Staring at my bed, a hundred different images of Kitty burst to life in vivid color. I don’t want Claire’s scent eclipsing Kitty’s. It’ll be all I have left of her after she hears the news.
Pulling the comforter free, I hand it to her while I rip the sheet off and bundle it in my arms. “Now you can.”
She doesn’t question my crazy ass actions, just lays the blanket on the mattress and climbs onto my bed.
Swiping up the half bottle of whisky I’d left earlier, I head to the bathroom, slamming the door closed, rattling the mirror hanging above the sink.
What the hell did I do? Spinning the lid off, it bounces with a clink…
clink…clink…across the tiles, coming to rest by the toilet.
I sink to the cold floor, gulping at the fiery amber liquid, pounding it back until my throat is raw and my gut churns.
Bringing the sheet to my face, I inhale the scent of us and close my eyes.
When I open them, Claire is standing over me dripping water onto my face. “What are you doing?” I croak, my voice gruff.
“Callan is at the door, and I need to pee. You wouldn’t wake up.”
“What time is it?” I attempt to move, and my body protests the action, my limbs stiff, like rigor mortis set in overnight. Maybe I did die and this is my hell.
Bouncing on the spot, she says, “Six in the morning.” Swiveling her attention between me and the toilet, she adds, “I really need to pee.”
“Sorry,” I grunt, noticing the sheet still tightly in my grip. Pushing myself to my feet I shuffle out to find Callan standing between the bed and entryway.
“What the actual fuck? Have you lost your damn mind? My old man will help you find it.” His lips curl into a sneer as he punches out toward the bathroom door.
“It’s complicated,” I grumble, yanking open my closet and chucking the sheet inside.
“Uncomplicate it,” he barks out, his voice carrying through the room, jarring my brain.
I move around him to close the bedroom door and breathe out, “She’s pregnant.”
“Excuse me?” He steps forward until we’re an arm’s length apart and turns his head, putting a hand to his ear like the information was too hard to compute and needs repeating.
I incline my head and say more firmly, “She’s pregnant.”
Snorting, we exchange looks that need no words but he says them anyway. “Well, it isn’t my old man’s—and it can’t be yours.”
“Only you know that.” Leaning my back against the doorframe, I scrub my hands down my face and exhale an exhausted breath that reeks of whisky.

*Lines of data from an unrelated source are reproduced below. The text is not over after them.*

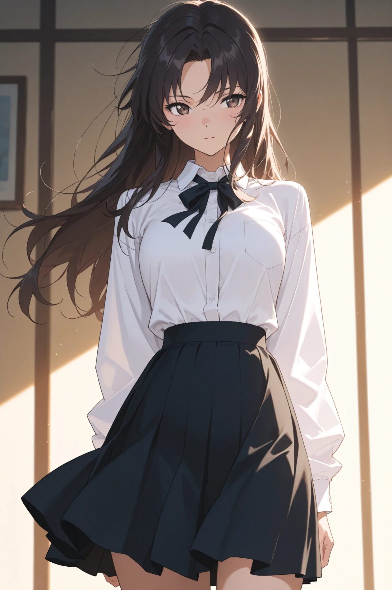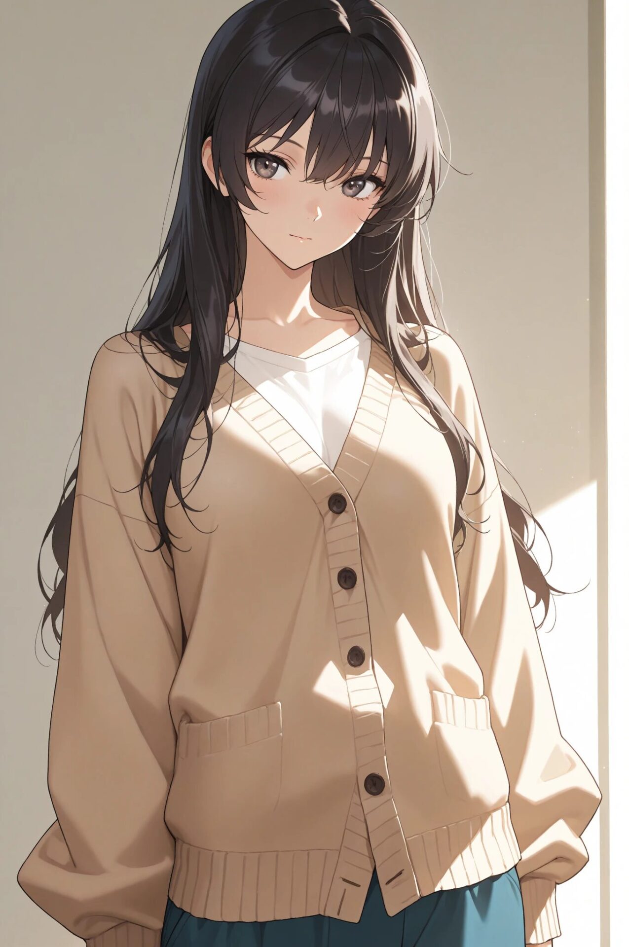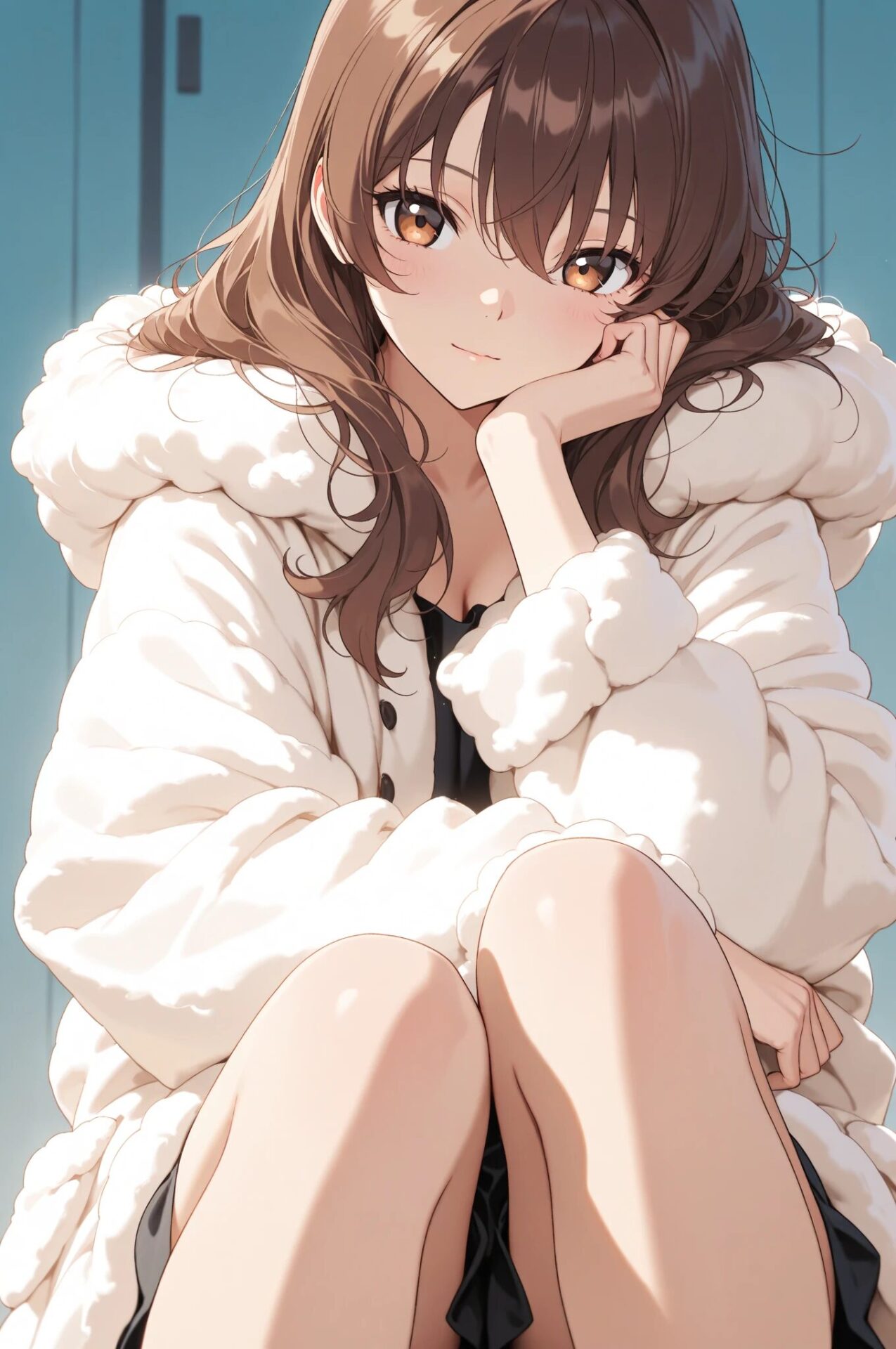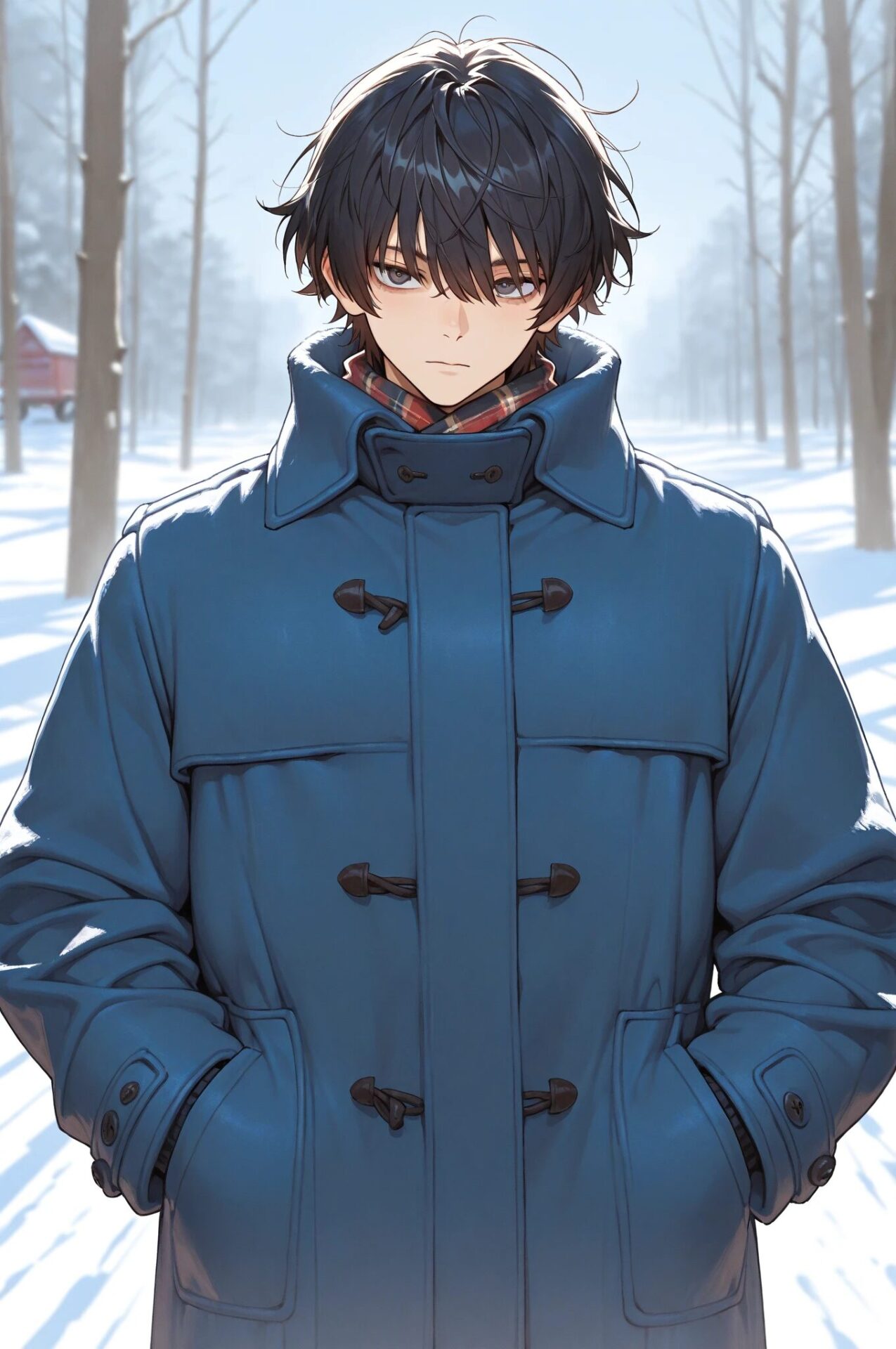 1girl, winter outfit, long coat, turtleneck sweater, snowing, soft lighting
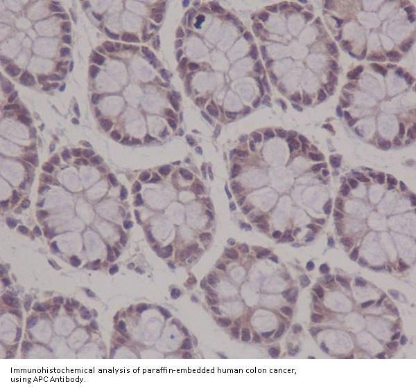 Boster Bio Anti-APC Monoclonal Antibody catalog # M00008. Tested in WB, IHC, ICC/IF, IP applications. This antibody reacts with Human, Mouse, Rat.
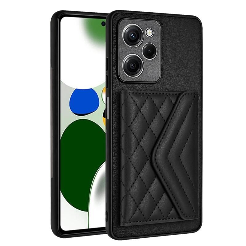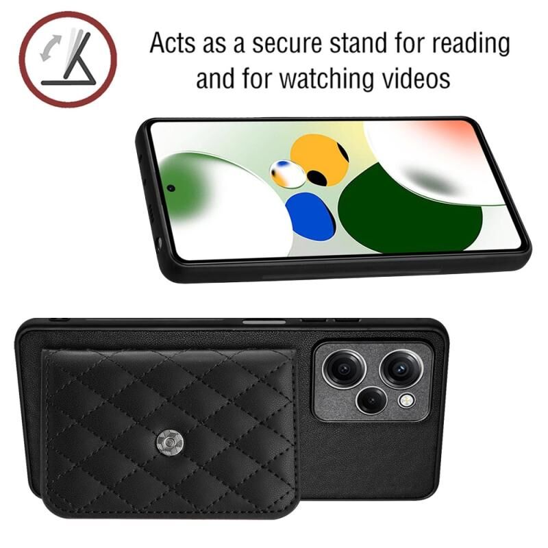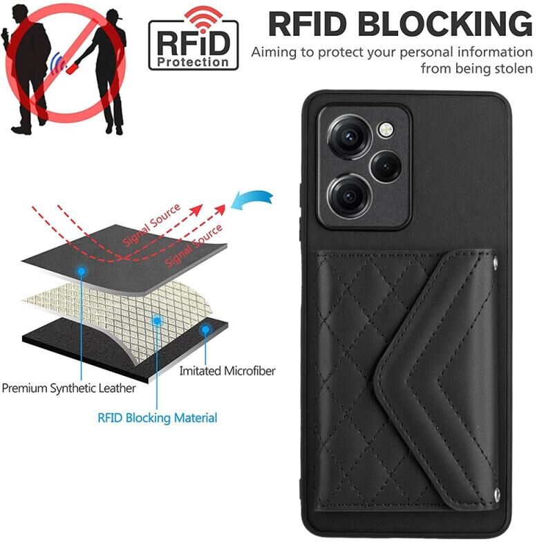Για Xiaomi Redmi Σημείωση 12 Pro Speed Rhombic υφή κάρτα τσάντα RFID υπόθεση τηλεφώνου με μακρύ κορδόνι (Μαύρο)
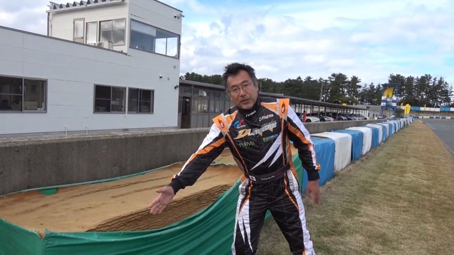 また、コースアウトしてスポンジバリア(クラッシュパッド)のお世話になった場合も同様。あのスポンジは乾燥しているとけっこう簡単に火がつくのだそう。大井さんのライター着火実験では燃えませんでしたけど(※実験だからといって、スポンジ千切っちゃいけません!)、動かせるものならスポンジバリアをクルマから引き離すのがベストだそうです。もちろん、安全確認をしたうえで。

Callan is the only person who knows about me being infertile.
It’s a fact I didn’t want people to know.
Feeling embarrassed and ashamed over something entirely out of my control is pathetic.
It doesn’t make me less of a man. I know that, but knowing and forcing yourself to believe is complex.
“What does that mean?”
The bathroom door opens, and Claire’s head pokes out. “Is it okay to shower?” Her tone is soft, wary, as she flits her gaze between us.
“Do what you want. There’s a fresh towel in the cabinet.”
“I found the towels. Thank you.”
She’s already making herself at home. A second later, the shower blasts.
“Have you lost your mind?” Callan’s face screws up in disgust.
“Your old man wants to fucking kill her.” I jab a hand toward the closed door. “She was puking and begging and I went along with the lie.”
“So, you’re going to be dad to some club slut’s baby?”
I shrug my shoulders. “Might be my only chance to have a kid.”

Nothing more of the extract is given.